Despite the T in TU/e’s name, not everything is 100% technology all the time. When they were still Students, Eva van Aalen en Harm van der Veer, started a project to detect viruses and infections using light. To make this work, they needed a biological component to make certain elements give off the right type of light. Their search led them to the fluorescent material found in the body of shrimps that live miles below the surface of the oceans.
It started with a competition
In 2019, Harm and Eva entered the iGEM competition with a concept for detecting viruses with the help of light. Here’s a brief and far too simple explanation of their idea: a medium contains sensor proteins designed to respond to certain elements in viruses. When you add body fluids containing these virus particles, it causes a reaction, and the sensor proteins start to emit light.
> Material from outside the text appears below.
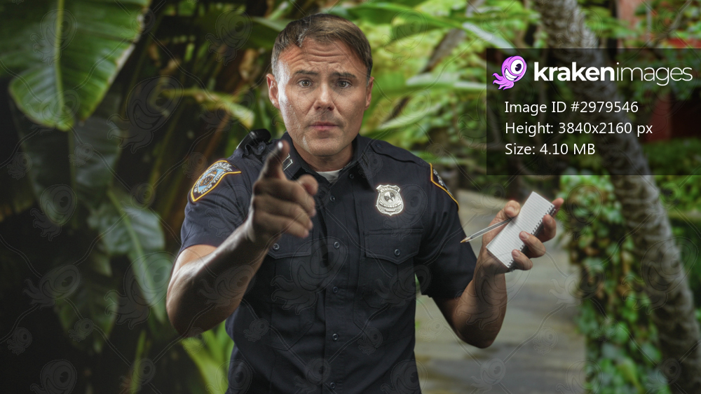 Man police officer holding spiral notepad and pencil, palms open in a shrugging gesture on a street walkway; concern duty.

And so, the presence of the virus is demonstrated.
The work of Professor Maarten Merkx and his research group formed the basis for their project. "Professor Merkx saw the potential and suggested we develop it further.
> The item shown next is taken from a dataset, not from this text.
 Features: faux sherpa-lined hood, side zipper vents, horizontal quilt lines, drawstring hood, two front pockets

In essence, we are building biological sensors," Harm explains, "sensors that in this case can detect genetic material (DNA/RNA). This allows us to quickly detect the presence of all kinds of pathogens, even at low concentrations.
Eva developed sensors that detect the presence of specific antibodies against the SARS-CoV-2 virus, the causative agent of COVID-19.
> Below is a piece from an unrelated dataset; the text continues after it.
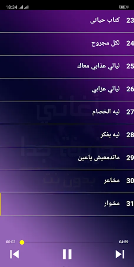 The application contains the most beautiful 31 very sad Arabic songs, arani hazina 2023, in addition to songs

Putting cellphones to good use
Covid was detected using PCR tests that take time and are expensive. Together with colleagues from TU/e, Rijnstate Hospital and Fontys, Harm’s project group developed a test that is just as sensitive and specific, but a lot faster, cheaper, and easier to use. In the most ideal scenario, a simple testing device, like a small strip and a cell phone with a camera would suffice.
LUNAS
That new method is called LUNAS. Harm's, Eva’s, and Maartens' work was published in early 2023 in the journal ACS Central Science. Eva tested the sensors she made at Rijnstate Hospital in Arnhem: "With real, complex and diverse samples from real patients. But also, in the controlled environment of the hospital laboratory. The set-up was very simple: a Styrofoam box with a digital camera. It came close to a real test in the field. It was quite exciting to see how well the test performed on real patient samples."
Challenges
To get results faster than with PCR testing, the team had to overcome several obstacles. Harm: "To test, you have to multiply RNA/DNA. With the PCR technique, you do that using complex equipment and repeated cycles with varying temperatures. We used the so-called RPA (recombinase polymerase amplification) technique where the temperature remains constant at40 degrees Celsius. We also want to avoid as many laborious steps as possible, such as transferring reaction fluids from one tube to another. We are far along with that, but not finished yet."
Further development
"It would be great if the LUNAS technology can be commercialized, and that we can quickly scale up in the event of new pandemics." Maarten explains, "We have founded a startup together with NLC, called LUMABS BV. I would love to see LUNAS help detect so-called 'neglected tropical diseases.' It is an ideal alternative to expensive diagnostic equipment."
A technique with potential
The Covid19 pandemic phase is behind us, but LUNAS' applications go beyond just the disease that gripped the world for years. Maarten: "When we got the funding, we already knew that we were not going to be able to contribute to battling the then current pandemic. That's why we were looking ahead from the beginning. This technology can be adapted to new viruses within a few weeks. We are now working on a test for the bird flu virus and rapid testing for sexually transmitted diseases."
The ultimate goal is a technique that can be used to identify infectious diseases in areas with few or no laboratories or hospitals.
LUNAS certainly has the potential to become just that."